Guy Lev, Michal Shmueli-Scheuer, Achiya Jerbi, David Konopnicki
Abstract: Frequently Asked Questions (FAQ) webpages are created by organizations for their users. FAQs are used in several scenarios, e.g., to answer user questions. On the other hand, the content of FAQs is affected by user questions by definition. In order to promote research in this field, several FAQ datasets exist. However, we claim that being collected from community websites, they do not correctly represent challenges associated with FAQs in an organizational context. Thus, we release orgFAQ, a new dataset composed of $6988$ user questions and $1579$ corresponding FAQs that were extracted from organizations' FAQ webpages in the Jobs domain. In this paper, we provide an analysis of the properties of such FAQs, and demonstrate the usefulness of our new dataset by utilizing it in a relevant task from the Jobs domain. We also show the value of the orgFAQ dataset in a task of a different domain - the COVID-19 pandemic.
摘要:常见问题(FAQ)网页是由为他们的用户组织创建的。常见问题在一些情况下,例如,用来回答用户提出的问题。在另一方面,常见问题解答的内容是由用户定义的问题的影响。
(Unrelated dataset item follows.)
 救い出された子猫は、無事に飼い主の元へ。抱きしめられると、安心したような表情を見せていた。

为了促进该领域的研究,存在几个常见问题集。然而,我们要求,从社区网站收集,他们没有正确表示与常见问题在组织环境相关的挑战。因此,我们发布orgFAQ的$ 6988 $用户提出的问题组成一个新的数据集和$ 1579年$对应的常见问题从乔布斯域组织的常见问题网页中提取的。在本文中,我们提供了这样的常见问题的性质进行了分析,并利用它从工作领域相关的任务,证明我们的新数据集的有用性。我们还显示orgFAQ数据集的价值在不同领域的任务 - COVID-19大流行。
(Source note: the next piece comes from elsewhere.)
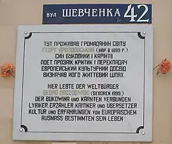 Gedenktafel zu Ehren von Georg Drozdowski in Czernowitz, wo er geboren wurde und lebte

Guy Lev, Michal Shmueli-Scheuer, Achiya Jerbi, David Konopnicki
Abstract: Frequently Asked Questions (FAQ) webpages are created by organizations for their users. FAQs are used in several scenarios, e.g., to answer user questions. On the other hand, the content of FAQs is affected by user questions by definition. In order to promote research in this field, several FAQ datasets exist. However, we claim that being collected from community websites, they do not correctly represent challenges associated with FAQs in an organizational context. Thus, we release orgFAQ, a new dataset composed of $6988$ user questions and $1579$ corresponding FAQs that were extracted from organizations' FAQ webpages in the Jobs domain. In this paper, we provide an analysis of the properties of such FAQs, and demonstrate the usefulness of our new dataset by utilizing it in a relevant task from the Jobs domain. We also show the value of the orgFAQ dataset in a task of a different domain - the COVID-19 pandemic.
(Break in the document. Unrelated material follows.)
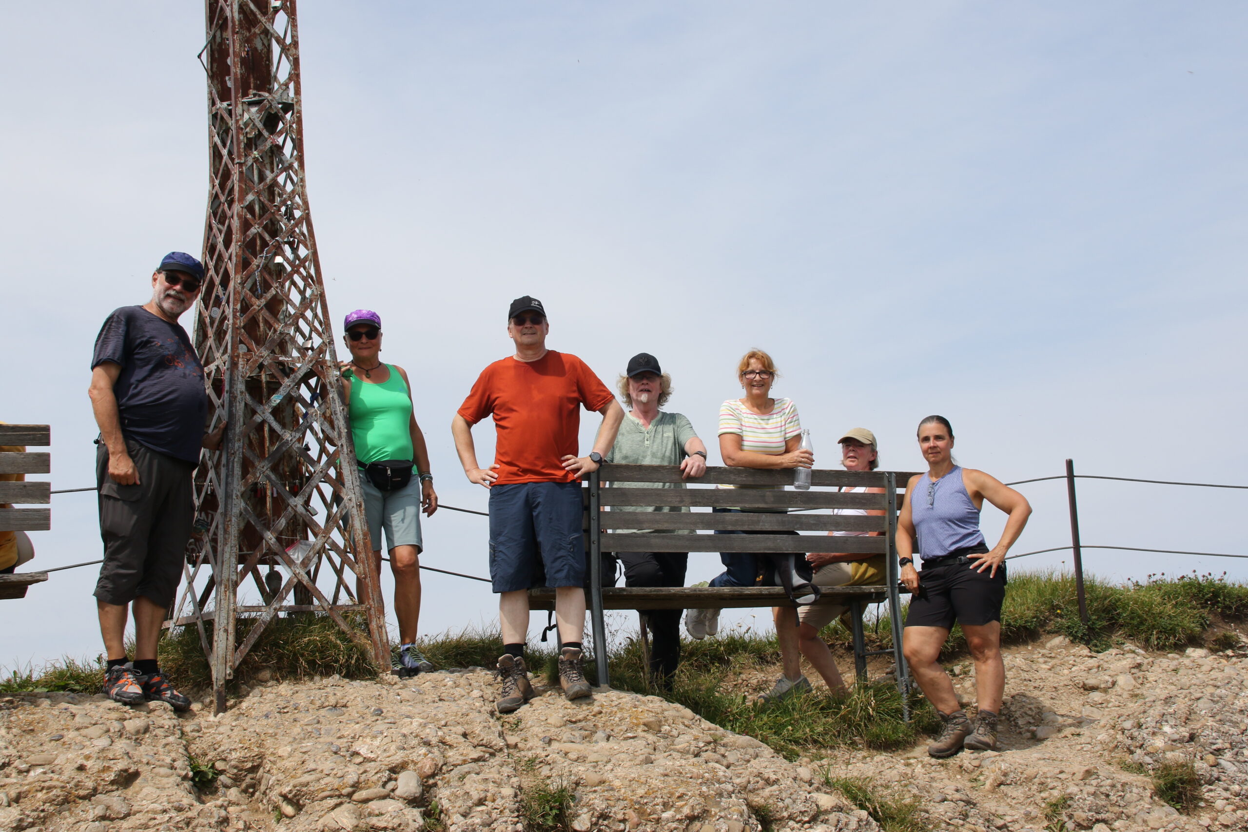 Hochgrat: kurz nach 14.00 treffen wir an der Bergstation der Hochgratbahn ein. Die Frankfurter Gruppe, die den Wanderweg hoch genommen hat, sitzt auf der Terrasse des Restaurants. Bald sind alle gestiefelt und gespornt für den letzten Aufstieg zum Gipfelkreuz. Peter mault etwas, da es ihm auf einer Seite zu steil abfällt, aber letzten Endes kommt auch er oben an. Tolle Fernsicht nach allen Seiten! Wir wählen die geschmeidigere Route für den Abstieg. Im Bergrestaurant gönnen sich einige einen Kaiserschmarrn, andere Kuchen zum Getränk. Aber die Bahn wählen alle für den Abstieg.

摘要:常见问题(FAQ)网页是由为他们的用户组织创建的。常见问题在一些情况下,例如,用来回答用户提出的问题。在另一方面,常见问题解答的内容是由用户定义的问题的影响。为了促进该领域的研究,存在几个常见问题集。然而,我们要求,从社区网站收集,他们没有正确表示与常见问题在组织环境相关的挑战。因此,我们发布orgFAQ的$ 6988 $用户提出的问题组成一个新的数据集和$ 1579年$对应的常见问题从乔布斯域组织的常见问题网页中提取的。在本文中,我们提供了这样的常见问题的性质进行了分析,并利用它从工作领域相关的任务,证明我们的新数据集的有用性。我们还显示orgFAQ数据集的价值在不同领域的任务 - COVID-19大流行。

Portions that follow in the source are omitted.